First create an external partitioned table
CREATE EXTERNAL TABLE h2 (id int, name STRING, ts TIMESTAMP) PARTITIONED BY (pt=string) ROW FORMAT DELIMITED FIELDS TERMINATED BY ',' STORED AS TEXTFILE location '/user/it1/sqin5';
Then sqoop data to external partitions by specifying HDFS external location.

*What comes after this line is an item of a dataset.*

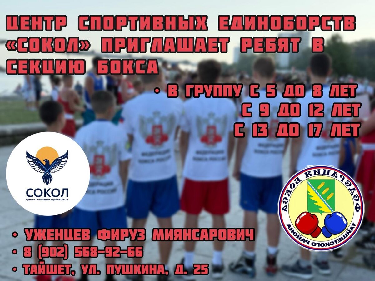🥊 Центр спортивных единоборств «Сокол» приглашает ребят в секцию бокса. Набор проводится в три возрастные группы: ⚪️от 5 до 8 лет; ⚪️с 9 до 12 лет; ⚪️с 13 до 17 лет. ➡️За дополнительной информацией обращайтесь к тренеру Фирузу Миянсаровичу Уженцеву по телефону: 8-902- 568-92-66.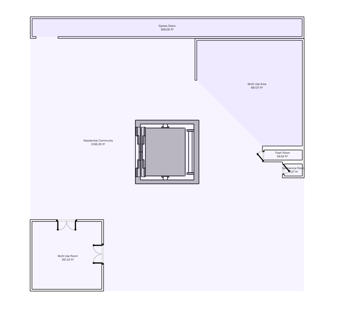convert this floor plan into a realistic isometric 3d view of a full house show the space from an elevated angle with furniture walls and details visible furnish this as a community space for an apartment complex a elevator in the center of the room and a set of egress stairs on the far wall according to the room tags strictly stick to the room tags in the image furnish the multipurpose rooms with community type games and activities like a game room or craft area put mechanical things in the mechanical room trash in the trash room make the furniture cube in shape and have a color scheme of cmy add colored glass around the area in the same color scheme to reflect color around the space stick to white and cream materials for the walls and floors stick with the layout strictly the area without walls is open for people to move freely through use the same furniture as shows on the plan do not change the orientation of the floorplan

sqoop import--connect jdbc:mysql://localhost:3306/test --driver com.mysql.jdbc.Driver --username it1 --password hadoop --table st1 --where "where id < 5000" --target-dir /user/it1/sqin5/pt=0 -m 1
Add partition to Hive table
alter table h2 add PARTITION(pt=0) LOCATION '/user/it1/sqin5/pt=0';
Verify table count. It should return 5000 rows. Now, run an incremental sqoop by specifying appropriate where clause
sqoop import--connect jdbc:mysql://localhost:3306/test --driver com.mysql.jdbc.Driver --username it1 --password hadoop --table st1 --where "where id > 5000 and id < 10000" --target-dir /user/it1/sqin5/pt=1 -m 1
Add 2nd partition to Hive table.
alter table h2 add PARTITION(pt=1) LOCATION '/user/it1/sqin5/pt=1';
Verify table count. It should return 10,000 rows.